* BRIEF
Include no pictures. Output exactly the lines from the one that contains "shore, cloud, light" through the final line of the entries.

* Records excerpted from a collection
== Segment start ==
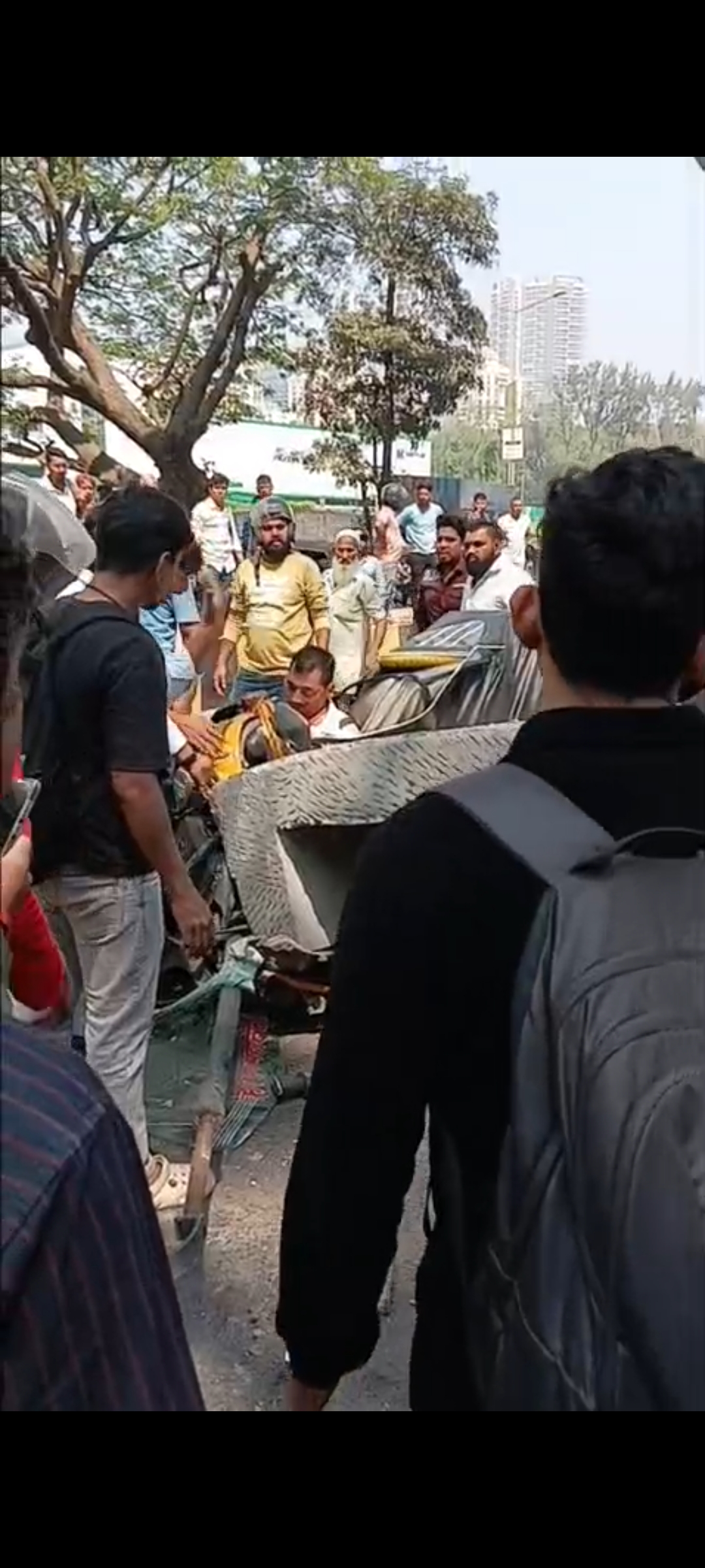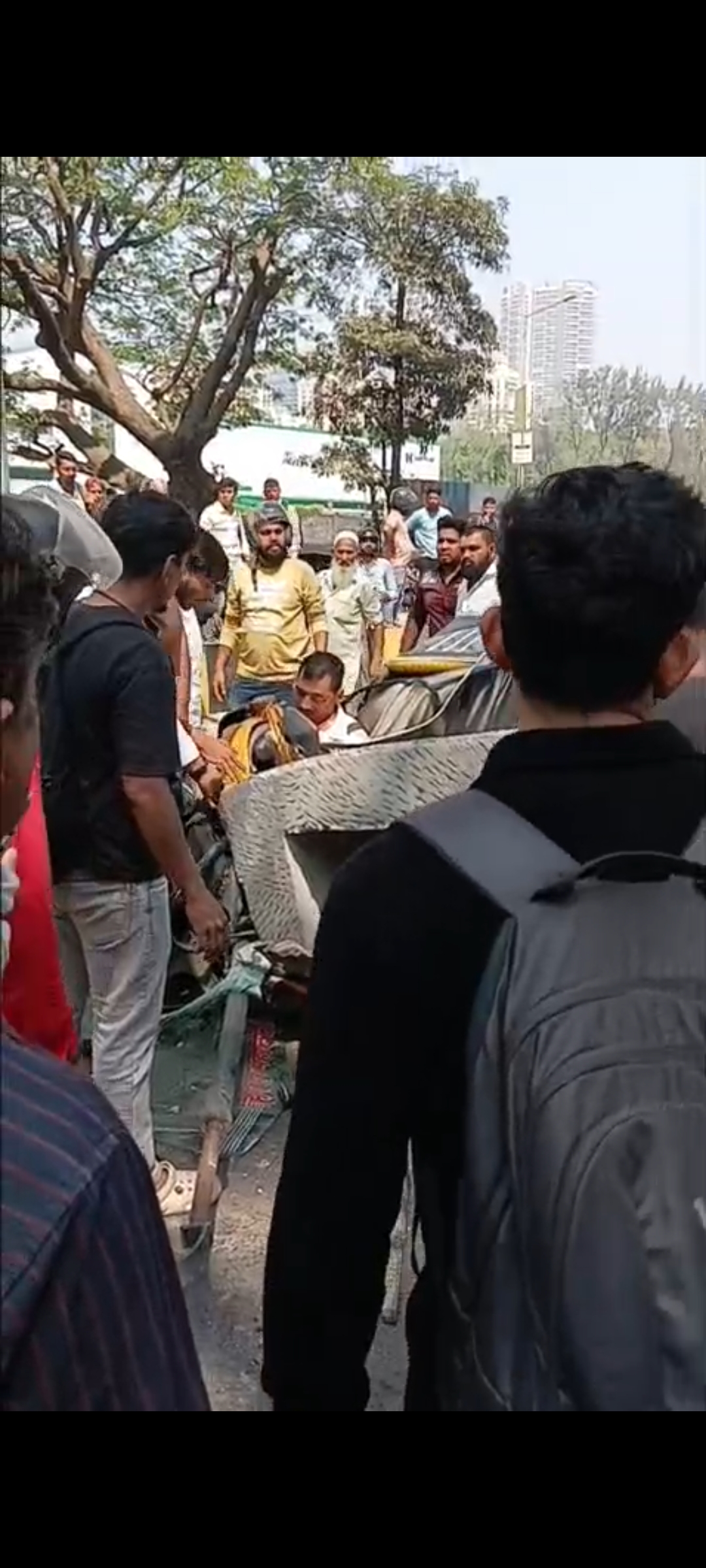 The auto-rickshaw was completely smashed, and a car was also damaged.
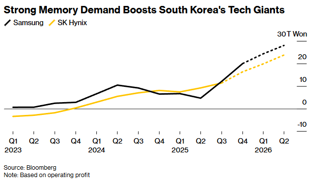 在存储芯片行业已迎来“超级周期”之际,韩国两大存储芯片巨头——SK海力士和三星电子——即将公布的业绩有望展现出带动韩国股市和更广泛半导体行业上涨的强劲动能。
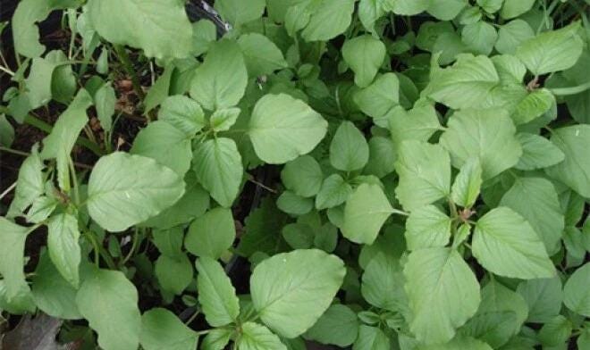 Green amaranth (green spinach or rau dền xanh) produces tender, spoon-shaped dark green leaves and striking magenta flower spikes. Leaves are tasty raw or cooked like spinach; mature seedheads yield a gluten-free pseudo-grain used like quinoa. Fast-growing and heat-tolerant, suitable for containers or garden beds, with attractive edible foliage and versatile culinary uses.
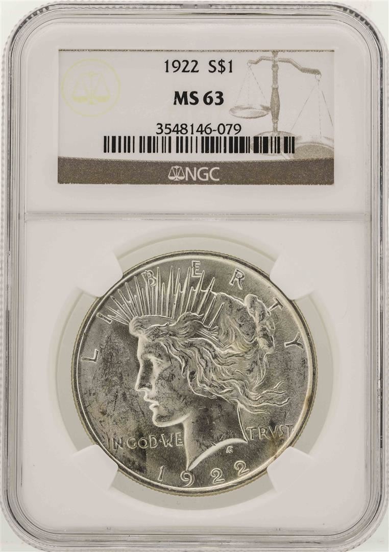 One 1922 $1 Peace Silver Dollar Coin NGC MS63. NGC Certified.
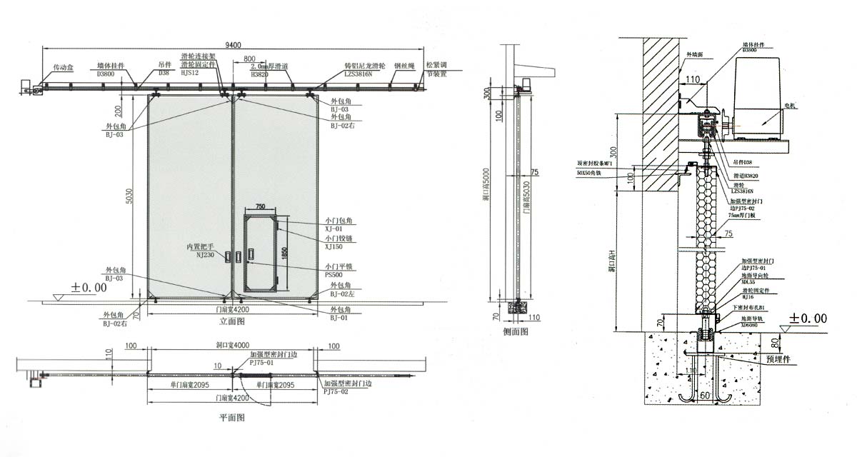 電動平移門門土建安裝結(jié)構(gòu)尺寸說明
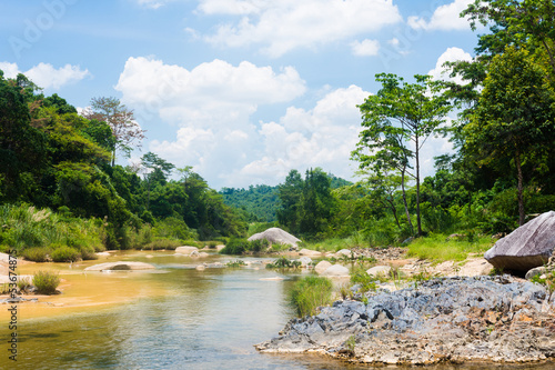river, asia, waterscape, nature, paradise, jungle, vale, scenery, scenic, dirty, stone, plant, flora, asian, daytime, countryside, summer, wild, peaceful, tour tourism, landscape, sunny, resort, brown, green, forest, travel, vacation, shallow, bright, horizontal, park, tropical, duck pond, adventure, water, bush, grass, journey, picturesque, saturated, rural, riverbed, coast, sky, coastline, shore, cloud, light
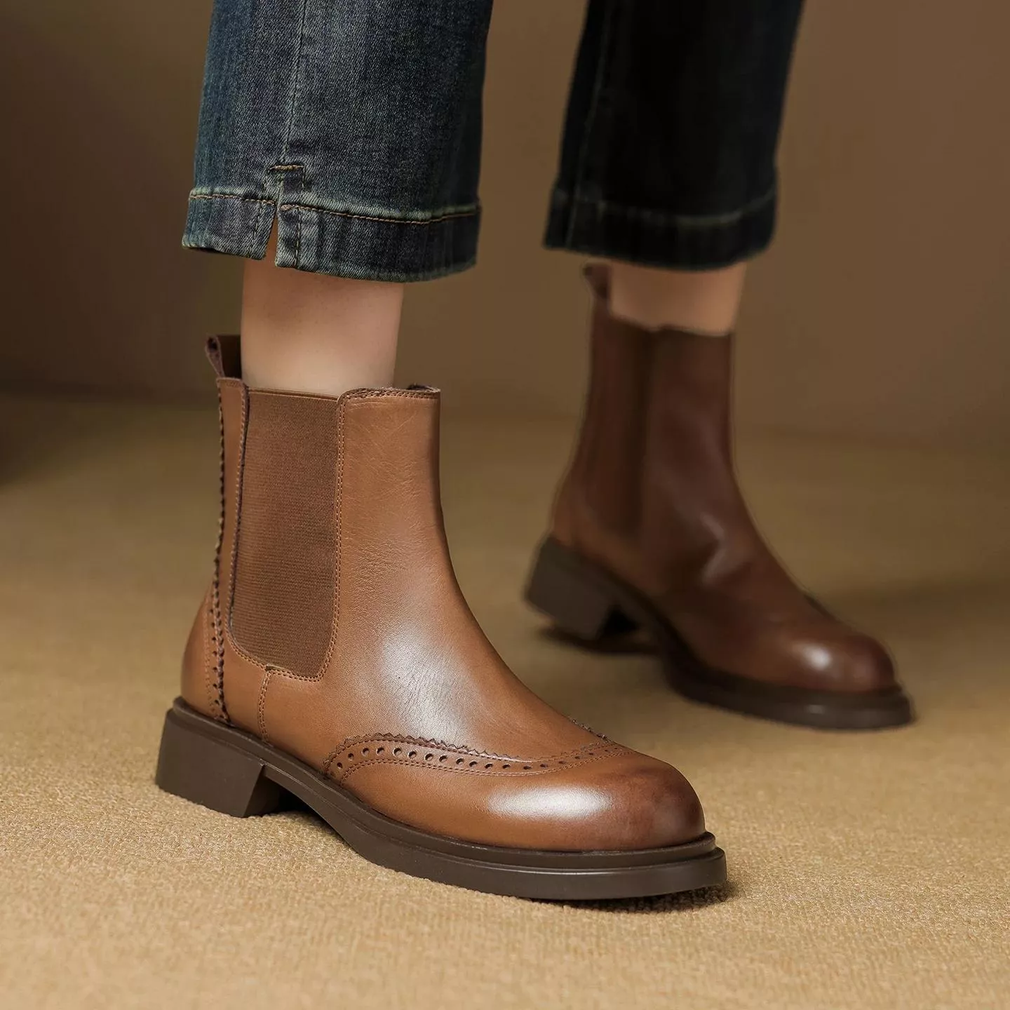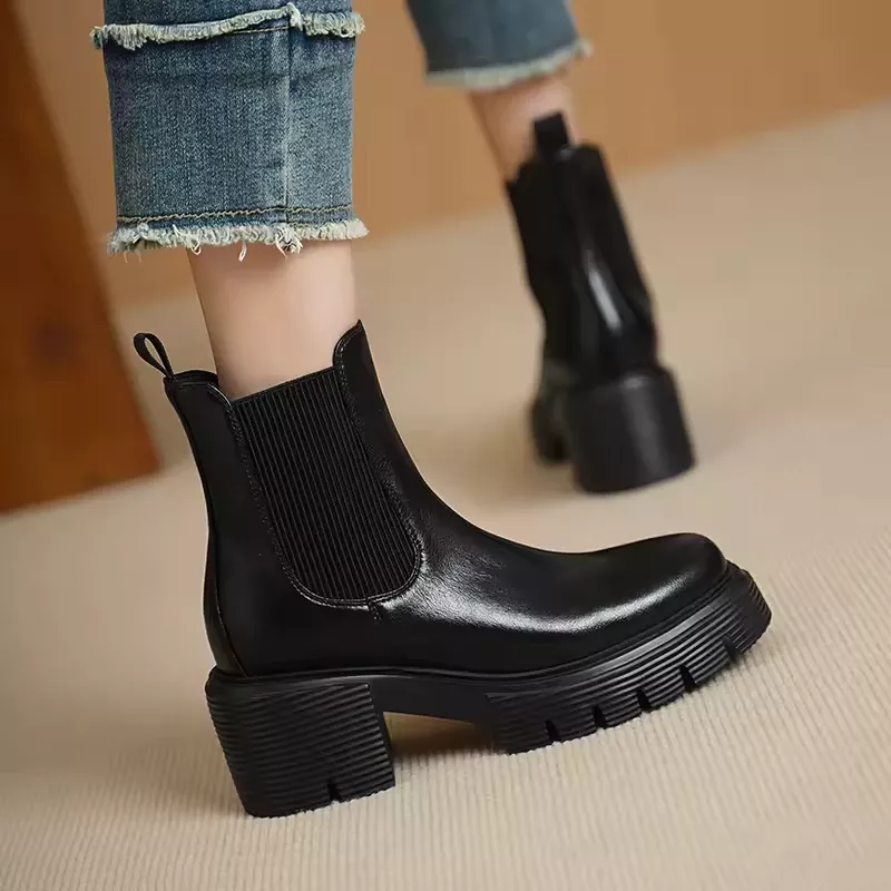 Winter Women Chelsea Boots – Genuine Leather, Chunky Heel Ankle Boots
== Segment end ==
* TASK RESPONSE
river, asia, waterscape, nature, paradise, jungle, vale, scenery, scenic, dirty, stone, plant, flora, asian, daytime, countryside, summer, wild, peaceful, tour tourism, landscape, sunny, resort, brown, green, forest, travel, vacation, shallow, bright, horizontal, park, tropical, duck pond, adventure, water, bush, grass, journey, picturesque, saturated, rural, riverbed, coast, sky, coastline, shore, cloud, light
 Winter Women Chelsea Boots – Genuine Leather, Chunky Heel Ankle Boots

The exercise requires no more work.